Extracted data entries
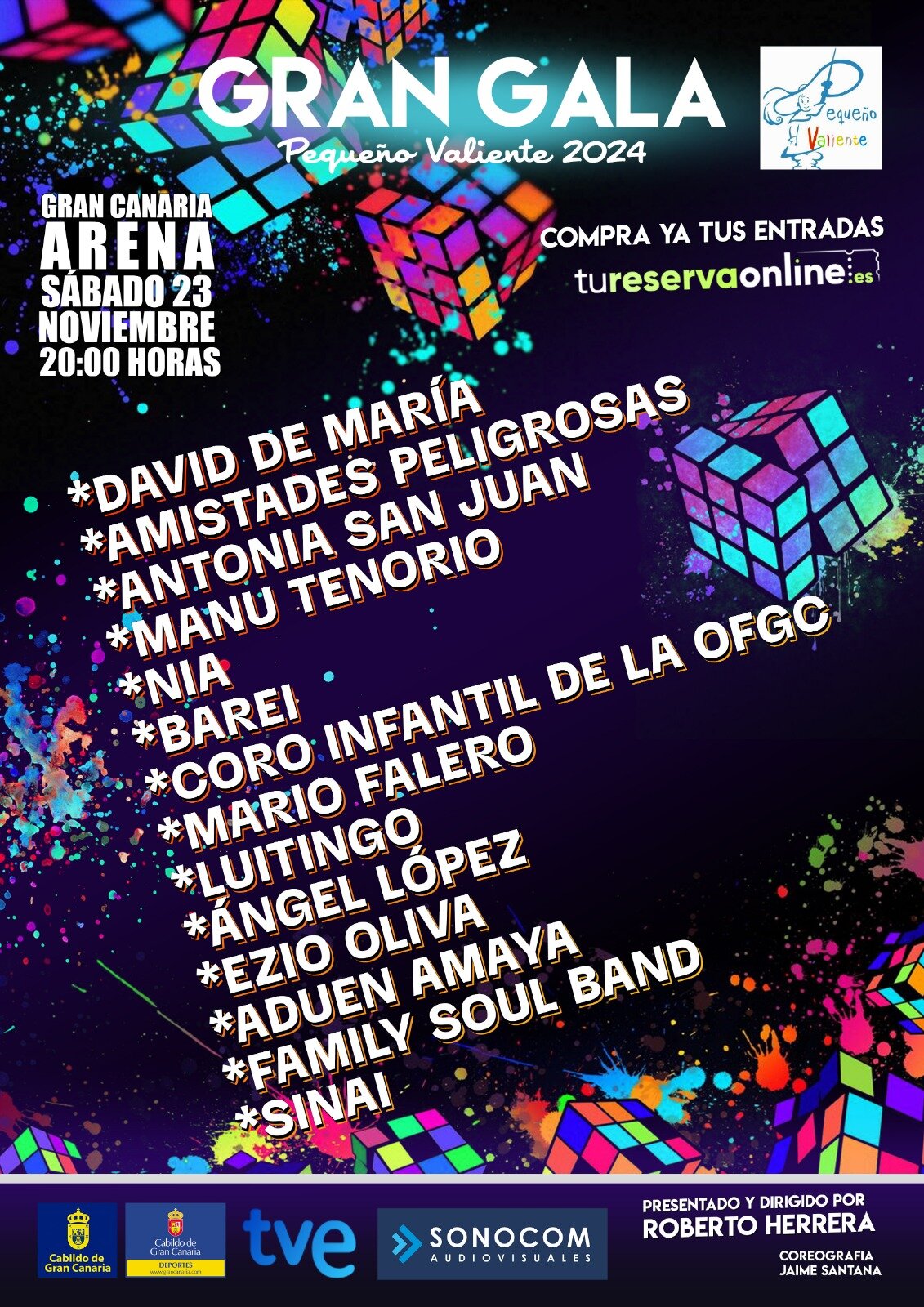 VII Edición de la Gran Gala Pequeño Valiente 2024 gracias al apoyo del Cabildo de Gran Canaria, RTVE y muchas otras empresas e instituciones públicas y privadas. Gracias a lo recaudado en este evento solidario se podrán seguir llevando a cabo grandes proyectos que mejoren la calidad de vida de todos/as los/as niños/as canarios/as enfermos de cáncer y sus familiares.
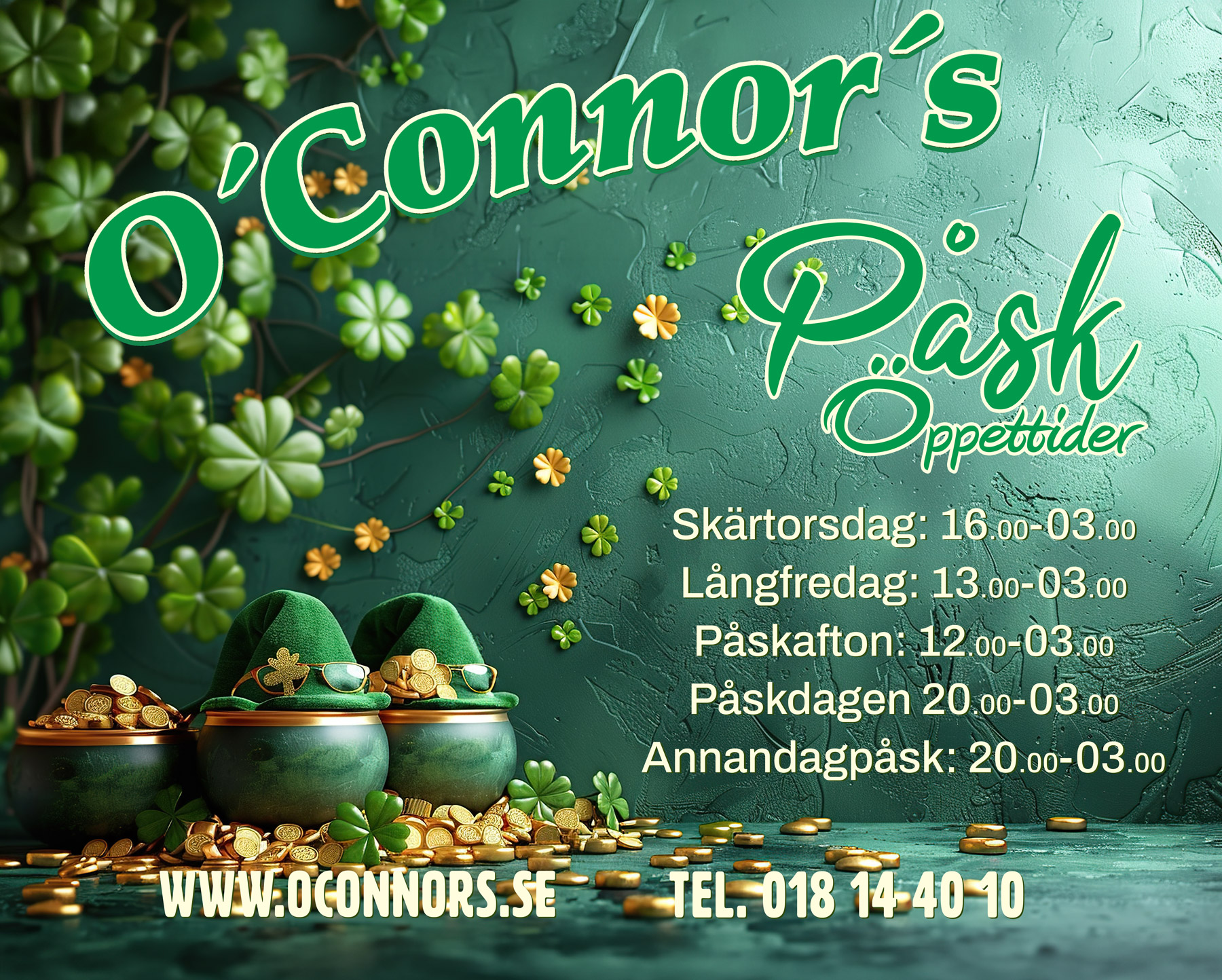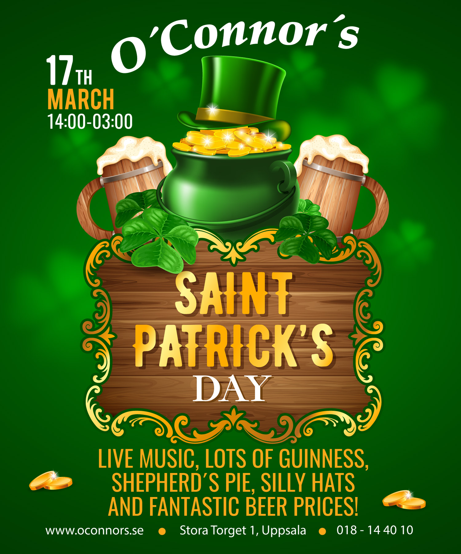 Belägen i centrala Uppsala, ligger restaurang O’Connor’s Irländska pub som erbjuder den största samlingen av drycker och drinkar i stan tillsammans med utsökta maträtter och en mysig atmosfär.
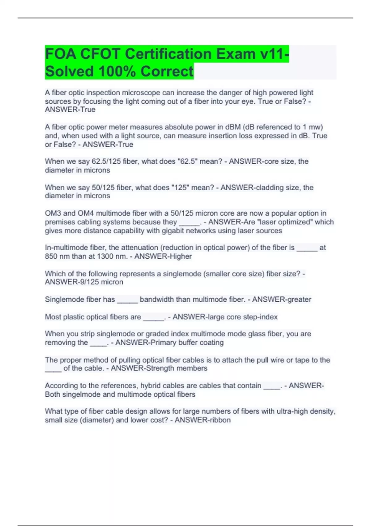 FOA CFOT Certification Exam v11 (100% correct answers) A fiber optic inspection microscope can increase the danger of high powered light sources by focusing the light coming out of a fiber into your eye. True or False? correct answers True A fiber optic power meter measures absolute power in dBM (dB referenced to 1 mw) and, when used with a light source, can measure insertion loss expressed in dB. True or False? correct answers True When we say 62.5/125 fiber, what does
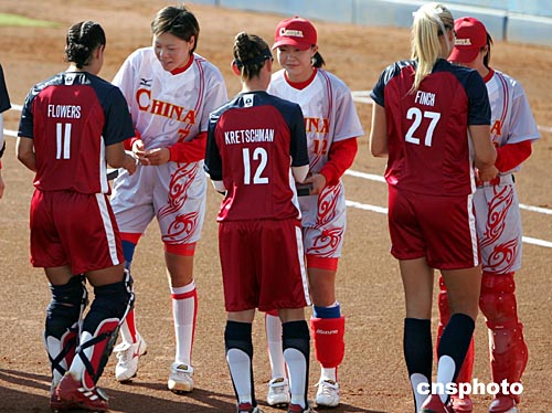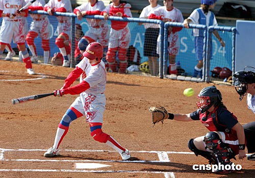 當(dāng)?shù)貢r(shí)間八月十七日,中國女子壘球隊(duì)(白)在雅典奧運(yùn)會出場迎戰(zhàn)實(shí)力強(qiáng)勁的美國隊(duì),一開場就有三名擊球手被封殺出局,最后以0:4失利。中新社記者:任晨鳴
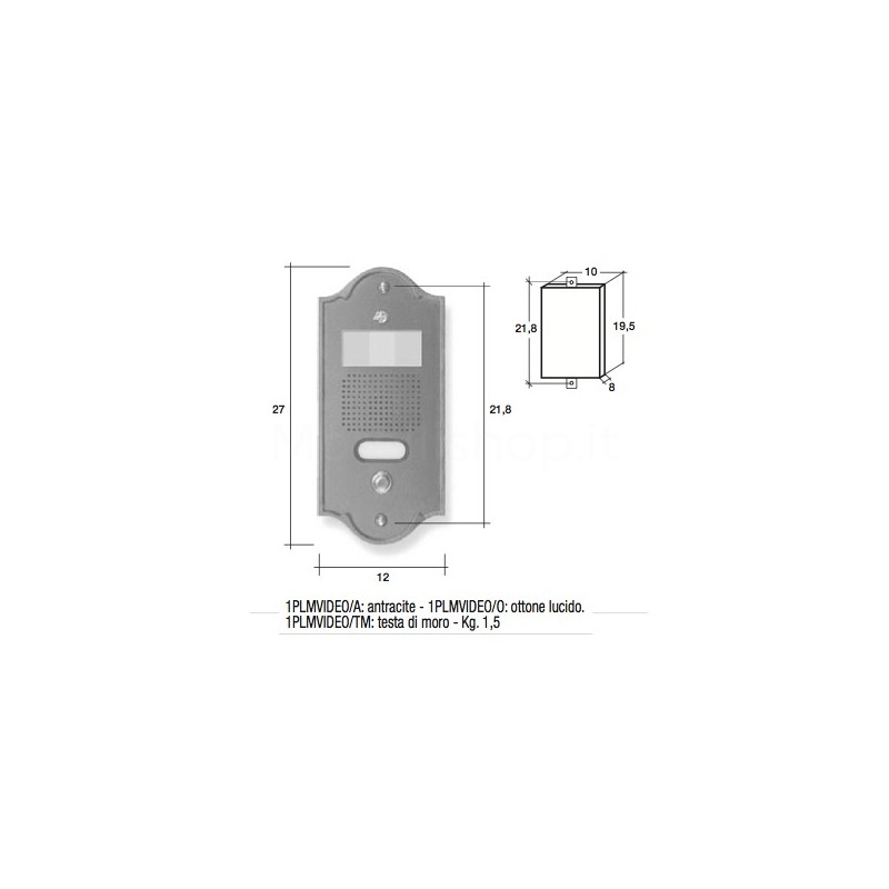 PUSH BUTTON PANEL FOR VIDEO INTERCOM 1 NAME MOD. 1PLMVIDEO/A IN BRASS ANTHRACITE FINISH
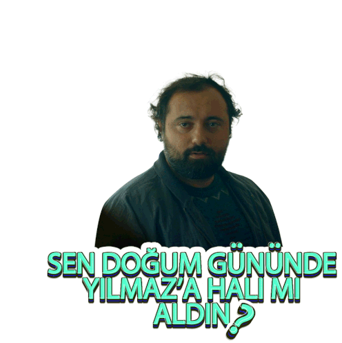Yılmaz from Gibi asks if you bought him a carpet for his birthday, with a serious and questioning expression.
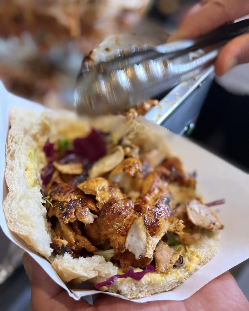 Mais qu’est-ce qu’un “Berliner Kebab” exactement ? Tenez-vous bien : il n’existe pas d’équivalent à Berlin. Noé l’a appelé comme ça parce qu’il s’est inspiré de l’iconique “döner” berlinois, mais le but était de créer le sandwich de ses rêves : celui qui lui manquait à lui, en tant que client à Paris. Il est parti du bon vieux grec qu’on trouve à tous les coins de rues, des cultures culinaires turques et allemandes mais aussi du traditionnel falafel israélien et du sabir irakien. Sa volonté était de démontrer qu’un kebab pouvait être cuisiné et que ça n’était pas (que) de l’assemblage.
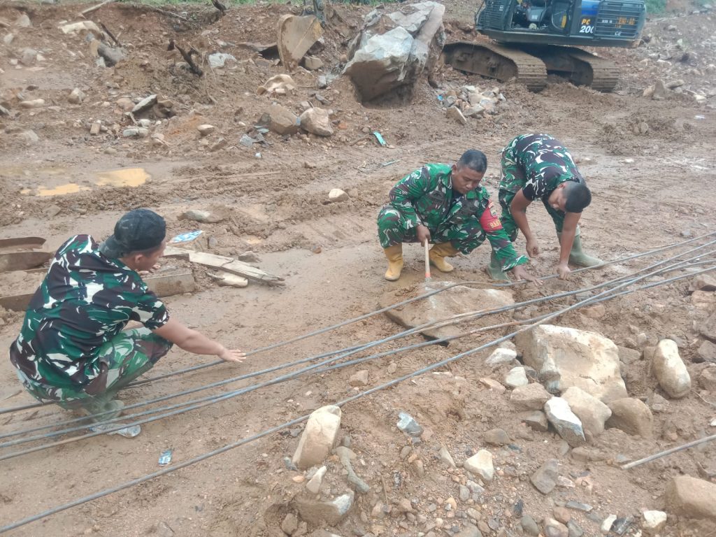 Beranda » Babinsa Koramil 05/Kolang Bersama Personil Batalyon TP 908/Gaja Dompa Membangun Jembatan Aramco Yang Hancur Akibat Banjir Bandang
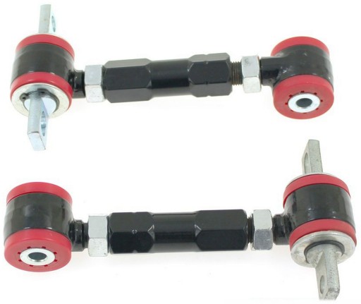 Komplet 2 szt. tylnych górnych wahaczy. Produkt szczególnie zalecany w przypadku obniżenia samochodu, kiedy koła tracą swoje fabryczne kąty. Dzięki regulacji wahacza można je idealnie ustawić.
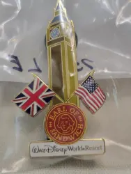 Big Ben - UK US Flags is a Limited Edition (LE) 750 pin from the Earl of Sandwich pin series. It is technically a Miscellaneous Non-Disney pin, so while being considered affiliated with Disney, it is not allowed to be traded in the Disney Parks.
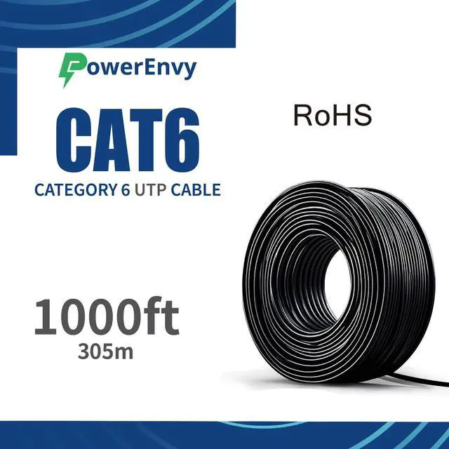High-Speed Cat6 Ethernet Cable 1000ft Bulk UTPPower your network with this Cat6 Ethernet Cable, designed for high-speed data transmission in both residential and commercial environments. Constructed with 23AWG copper-clad aluminum (CCA) and four twisted pairs, it minimizes crosstalk and interference for reliable 10Gbps connectivity at 550MHz bandwidth. Whether you're wiring an office, home, or event space, this cable delivers the stability and speed modern networks demand. ^^ 1000ft Custom-Length LAN Cable Cut to Fit Your ProjectEnjoy maximum flexibility with this 1000ft bulk network cable, perfect for custom installations. Cut it to any length to fit your specific projectno more wasted cable or messy splices.
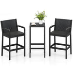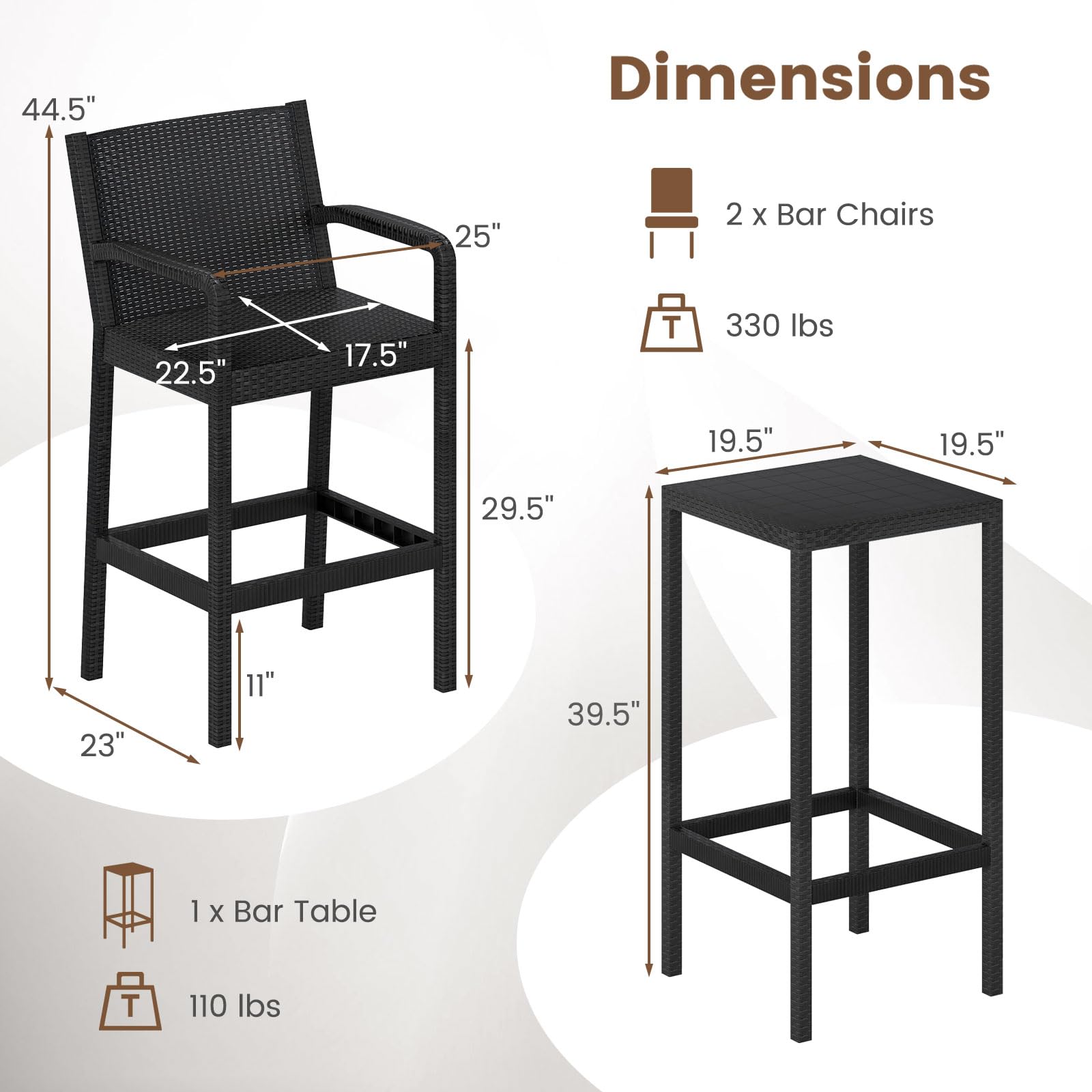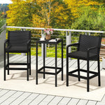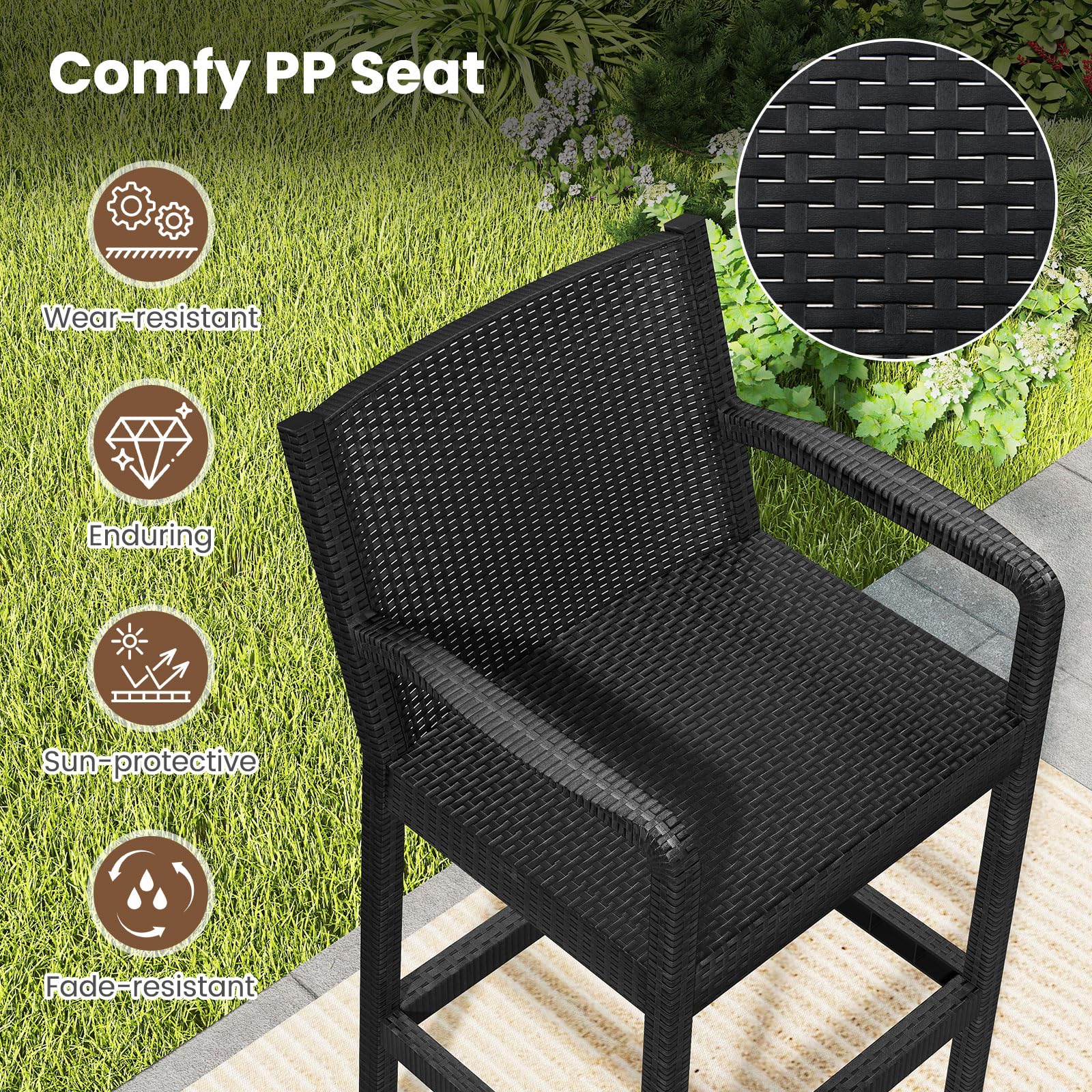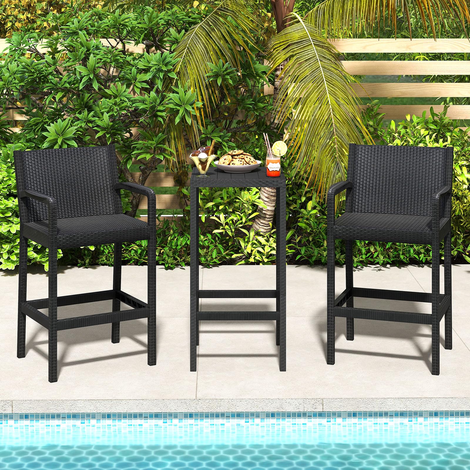 Each bar stool is equipped with curved backrest and armrests for optimal comfort. The stools come with a wide PP seat for comfortable seating experience. Besides, the integrated footrest makes it easier to unwind and relax. Built to last, this outdoor bistro set is crafted from sturdy metal frame that can support up to 330 lbs. Ideal for garden, balcony, or poolside areas, this bar height table and stools set offers a chic and functional addition to your outdoor spaces.
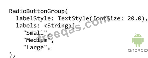 Check the image in this question first, then assume that you added this Dart code in a Flutter app to create three radio buttons to your app interface. However; you got an error message. There is something that is still missing in this code.

ACTION ITEM
Word for word, restate the records above and drop the pictures.

ANSWER BOX
 VII Edición de la Gran Gala Pequeño Valiente 2024 gracias al apoyo del Cabildo de Gran Canaria, RTVE y muchas otras empresas e instituciones públicas y privadas. Gracias a lo recaudado en este evento solidario se podrán seguir llevando a cabo grandes proyectos que mejoren la calidad de vida de todos/as los/as niños/as canarios/as enfermos de cáncer y sus familiares.
 Belägen i centrala Uppsala, ligger restaurang O’Connor’s Irländska pub som erbjuder den största samlingen av drycker och drinkar i stan tillsammans med utsökta maträtter och en mysig atmosfär.
 FOA CFOT Certification Exam v11 (100% correct answers) A fiber optic inspection microscope can increase the danger of high powered light sources by focusing the light coming out of a fiber into your eye. True or False? correct answers True A fiber optic power meter measures absolute power in dBM (dB referenced to 1 mw) and, when used with a light source, can measure insertion loss expressed in dB. True or False? correct answers True When we say 62.5/125 fiber, what does
 當(dāng)?shù)貢r(shí)間八月十七日,中國女子壘球隊(duì)(白)在雅典奧運(yùn)會出場迎戰(zhàn)實(shí)力強(qiáng)勁的美國隊(duì),一開場就有三名擊球手被封殺出局,最后以0:4失利。中新社記者:任晨鳴
 PUSH BUTTON PANEL FOR VIDEO INTERCOM 1 NAME MOD. 1PLMVIDEO/A IN BRASS ANTHRACITE FINISH
Yılmaz from Gibi asks if you bought him a carpet for his birthday, with a serious and questioning expression.
 Mais qu’est-ce qu’un “Berliner Kebab” exactement ? Tenez-vous bien : il n’existe pas d’équivalent à Berlin. Noé l’a appelé comme ça parce qu’il s’est inspiré de l’iconique “döner” berlinois, mais le but était de créer le sandwich de ses rêves : celui qui lui manquait à lui, en tant que client à Paris. Il est parti du bon vieux grec qu’on trouve à tous les coins de rues, des cultures culinaires turques et allemandes mais aussi du traditionnel falafel israélien et du sabir irakien. Sa volonté était de démontrer qu’un kebab pouvait être cuisiné et que ça n’était pas (que) de l’assemblage.
 Beranda » Babinsa Koramil 05/Kolang Bersama Personil Batalyon TP 908/Gaja Dompa Membangun Jembatan Aramco Yang Hancur Akibat Banjir Bandang
 Komplet 2 szt. tylnych górnych wahaczy. Produkt szczególnie zalecany w przypadku obniżenia samochodu, kiedy koła tracą swoje fabryczne kąty. Dzięki regulacji wahacza można je idealnie ustawić.
 Big Ben - UK US Flags is a Limited Edition (LE) 750 pin from the Earl of Sandwich pin series. It is technically a Miscellaneous Non-Disney pin, so while being considered affiliated with Disney, it is not allowed to be traded in the Disney Parks.
High-Speed Cat6 Ethernet Cable 1000ft Bulk UTPPower your network with this Cat6 Ethernet Cable, designed for high-speed data transmission in both residential and commercial environments. Constructed with 23AWG copper-clad aluminum (CCA) and four twisted pairs, it minimizes crosstalk and interference for reliable 10Gbps connectivity at 550MHz bandwidth. Whether you're wiring an office, home, or event space, this cable delivers the stability and speed modern networks demand. ^^ 1000ft Custom-Length LAN Cable Cut to Fit Your ProjectEnjoy maximum flexibility with this 1000ft bulk network cable, perfect for custom installations. Cut it to any length to fit your specific projectno more wasted cable or messy splices.
 Each bar stool is equipped with curved backrest and armrests for optimal comfort. The stools come with a wide PP seat for comfortable seating experience. Besides, the integrated footrest makes it easier to unwind and relax. Built to last, this outdoor bistro set is crafted from sturdy metal frame that can support up to 330 lbs. Ideal for garden, balcony, or poolside areas, this bar height table and stools set offers a chic and functional addition to your outdoor spaces.
 Check the image in this question first, then assume that you added this Dart code in a Flutter app to create three radio buttons to your app interface. However; you got an error message. There is something that is still missing in this code.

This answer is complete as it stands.